KServe is a tool for serving machine learning models on Kubernetes. It encapsulates the complexity of tasks like autoscaling, networking, health checking, and server configuration. This allows users to provide their machine learning deployments with features like GPU Autoscaling, Scale to Zero, and Canary Rollouts. 

Created by IBM and Bloomberg’s Data Science and Compute Infrastructure team, KServe was previously known as KFServing. It was inspired when IBM presented the idea to serve machine learning models in a serverless way using Knative.

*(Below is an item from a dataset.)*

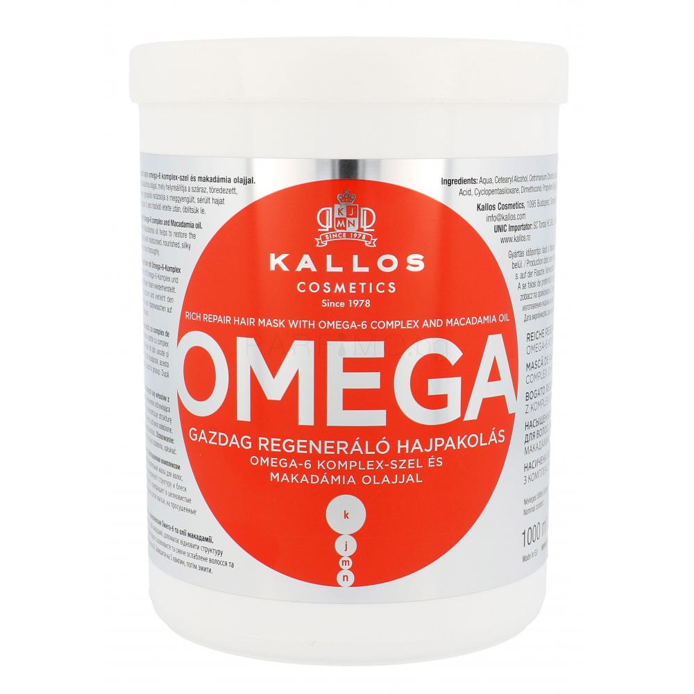 Възстановяваща маска за коса Kallos Omega Hair Mask. Маската за коса Kallos Omega Hair Mask интензивно се грижи за косата, придава ѝ сила и хидратация. Съставът е обогатен с масло от макадамия и Омега-6 комплекс. Тези компоненти перфектно възстановяват и регенерират структурата на косъма.
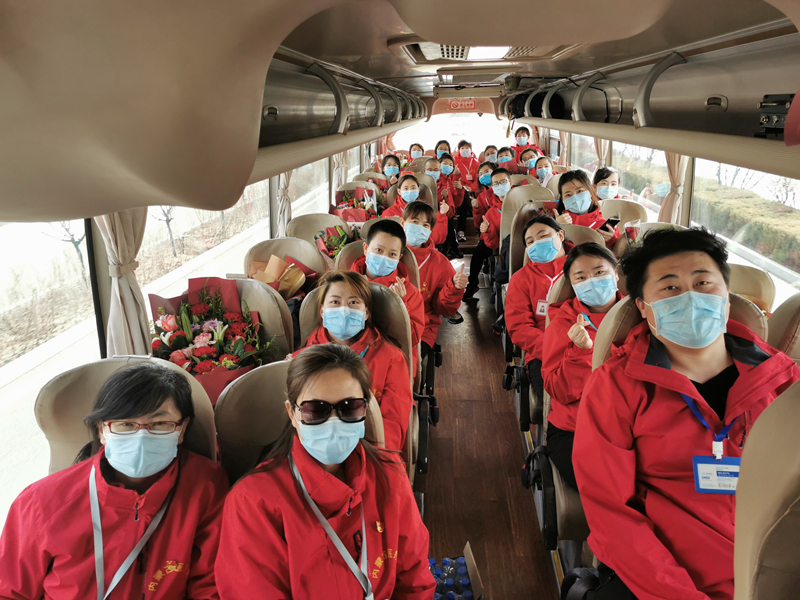 3月18日,內蒙古第二批馳援湖北醫療隊啟程返回家鄉。內蒙古婦幼保健院供圖

Together Bloomberg and IBM met at the Kubeflow Contributor Summit 2019, and at the time, Kubeflow didn’t have a model serving component so the companies worked together on a new project to provide a model serving deployment solution. 

The new project first debuted at KubeCon + CloudNativeCon North America in 2019. It was moved from the KubeFlow Serving Working Group into an independent organization in order to grow the project and broaden the contributor base. At this point the project became known as KServe. 

KServe provides model explainability through integrations with Alibi, AI Explainability 360, and Captum. It also provides monitoring for models in production through integrations with Alibi-detect, AI Fairness 360, and Adversarial Robustness Toolbox (ART). 

The project has been adopted by a number of organizations, including Nvidia, Cisco, Zillow, and more.